> WHAT YOU NEED TO DO
What is needed is a word-for-word copy of the listing below, without pictures.

> INFORMATION SHOWN
·····
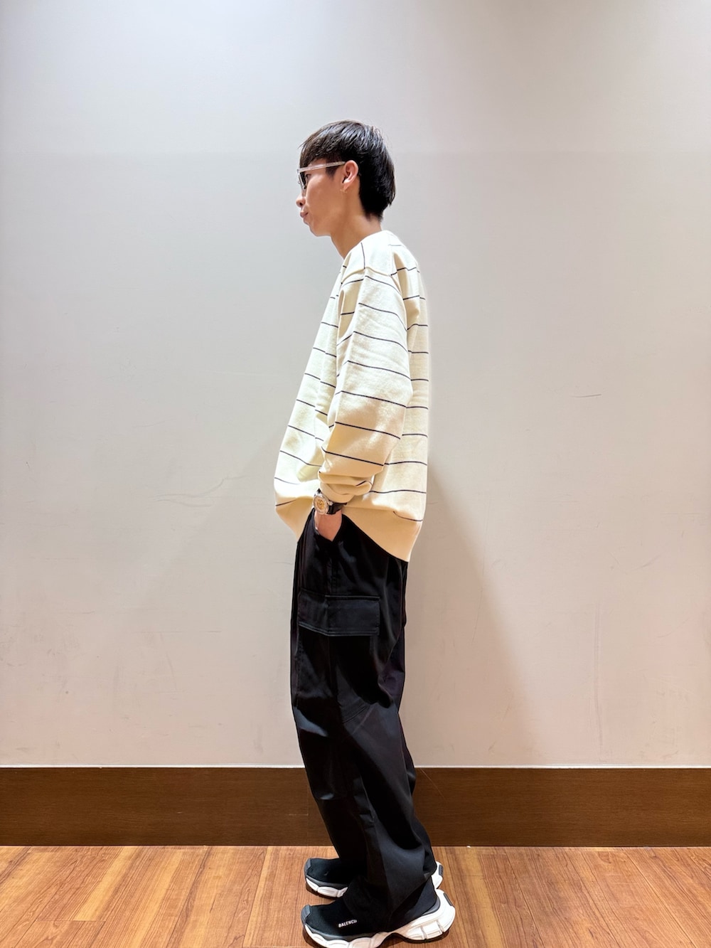 カーゴパンツで少し野暮ったさをプラスしたコーディネート。
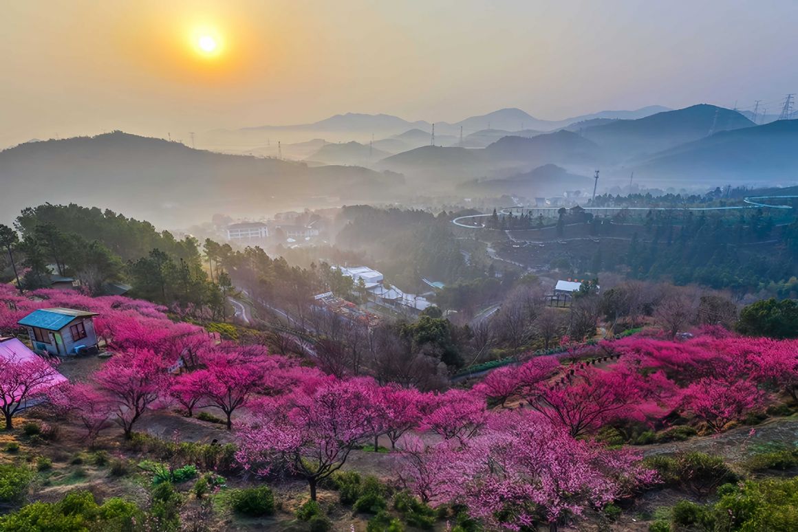 2026年2月11日,浙江长兴县和平镇城山村,漫山梅花盛开,与远山、村落相映,景致如画。方金华摄(人民图片网)
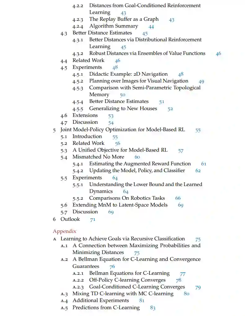 我们首先讨论以目标为条件的设置,这种推断观点导致了一个简单且理论上有正当理由的方法,将面向目标的RL集成到传统的规划流程中(第4章)。RL被用来估计距离并学习一个局部策略,而观察(如,图像)上的图搜索确定了通往目标的高级路径。这种方法显著优于标准的目标条件RL算法。接着,我们考虑一种不同的方式来构造任务解决方案:作为一个学习过的动态模型和策略的组合(第5章)。结果是一个基于模型的RL算法,其中模型和策略使用相同的目标联合优化,这是预期回报的下界。
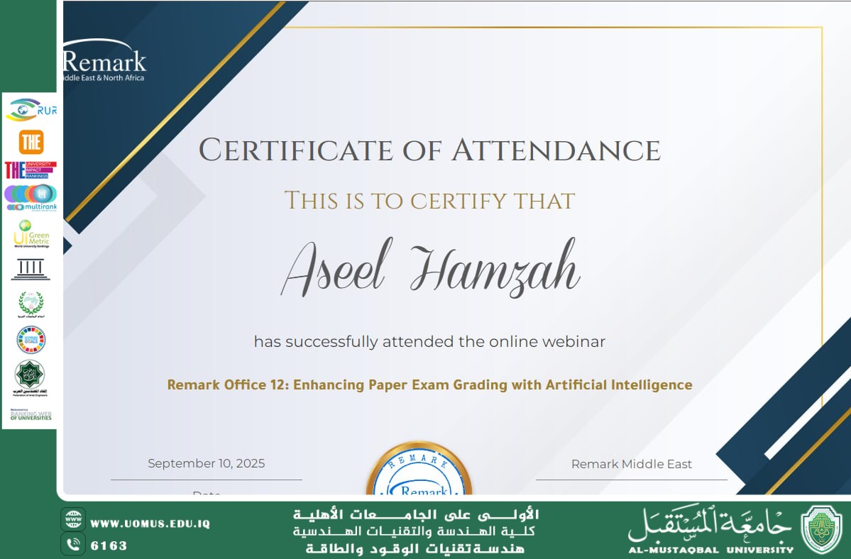 Dr. Aseel Safi Hamzah Receives Certificate of Participation in a Specialized Webinar on Enhancing Ed...
·····
> REPLY TO THE EXERCISE
 カーゴパンツで少し野暮ったさをプラスしたコーディネート。
 2026年2月11日,浙江长兴县和平镇城山村,漫山梅花盛开,与远山、村落相映,景致如画。方金华摄(人民图片网)
 我们首先讨论以目标为条件的设置,这种推断观点导致了一个简单且理论上有正当理由的方法,将面向目标的RL集成到传统的规划流程中(第4章)。RL被用来估计距离并学习一个局部策略,而观察(如,图像)上的图搜索确定了通往目标的高级路径。这种方法显著优于标准的目标条件RL算法。接着,我们考虑一种不同的方式来构造任务解决方案:作为一个学习过的动态模型和策略的组合(第5章)。结果是一个基于模型的RL算法,其中模型和策略使用相同的目标联合优化,这是预期回报的下界。
 Dr. Aseel Safi Hamzah Receives Certificate of Participation in a Specialized Webinar on Enhancing Ed...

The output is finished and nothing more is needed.